▶ [DATA PROVIDED]:
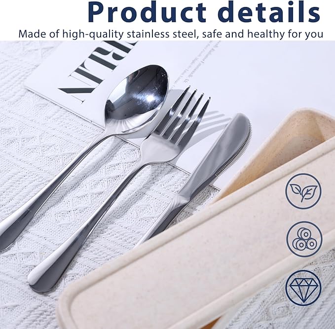 - Easy to Carry: Reusable silverware for lunch, keep all your tableware healthy and clean. You can take them to work or camp, just put them in your backpack, and, of course, you can always use them at home
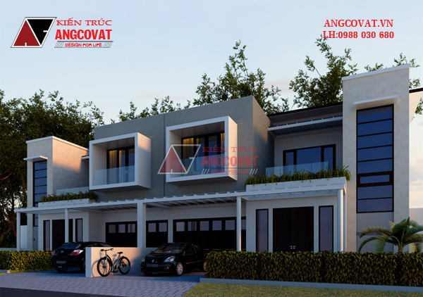Mẫu nhà mái bằng đẹp 2 tầng hiện đại theo kiểu nhà liền kề
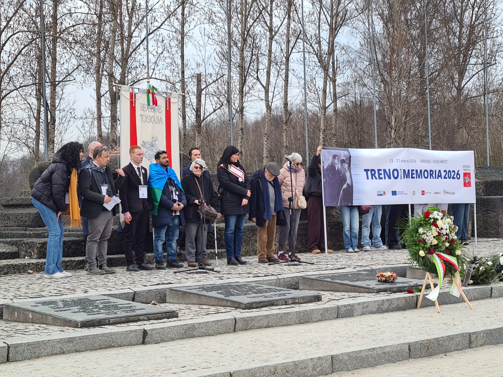 Ad aprire uno dei momenti simbolici più attesi del viaggio – iniziato lunedì 23 marzo, con la partenza del Treno dalla stazione di Firenze Santa Maria Novella – la deposizione della corona d’alloro al monumento internazionale che ricorda, con 23 lapidi in altrettante lingue (quelle di tutti i deportati), coloro a cui è stata strappata la vita a Birkenau. A compiere il gesto l’assessora all'istruzione e cultura della Memoria Alessandra Nardini.
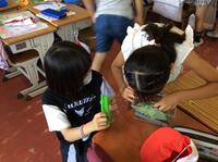 ある日の理科の時間には、ルーペをもって、熱心にモンシロチョウやアゲハチョウの幼虫の観察をする姿が見られました。
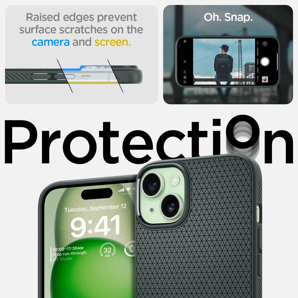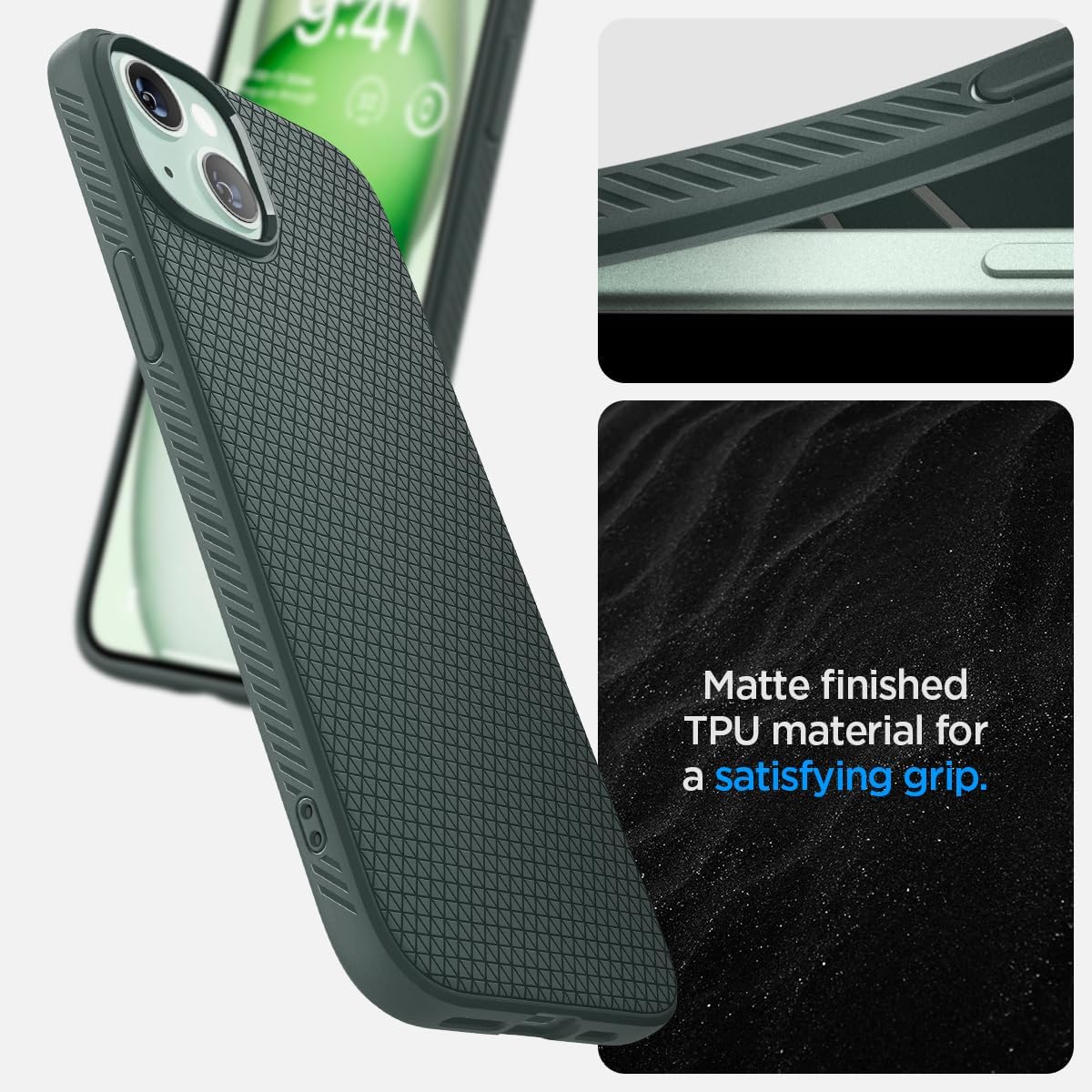 Spigen Case за iPhone 15, Liquid Air Case, защитен калъф за мобилен телефон, тънък, с тънък цвят, зелен, Abyss

▶ [YOUR TASK]: The records above are to be copied exactly, with no pictures carried over.

▶ [WRITTEN RESPONSE]:
 - Easy to Carry: Reusable silverware for lunch, keep all your tableware healthy and clean. You can take them to work or camp, just put them in your backpack, and, of course, you can always use them at home
Mẫu nhà mái bằng đẹp 2 tầng hiện đại theo kiểu nhà liền kề
 Ad aprire uno dei momenti simbolici più attesi del viaggio – iniziato lunedì 23 marzo, con la partenza del Treno dalla stazione di Firenze Santa Maria Novella – la deposizione della corona d’alloro al monumento internazionale che ricorda, con 23 lapidi in altrettante lingue (quelle di tutti i deportati), coloro a cui è stata strappata la vita a Birkenau. A compiere il gesto l’assessora all'istruzione e cultura della Memoria Alessandra Nardini.
 ある日の理科の時間には、ルーペをもって、熱心にモンシロチョウやアゲハチョウの幼虫の観察をする姿が見られました。
 Spigen Case за iPhone 15, Liquid Air Case, защитен калъф за мобилен телефон, тънък, с тънък цвят, зелен, Abyss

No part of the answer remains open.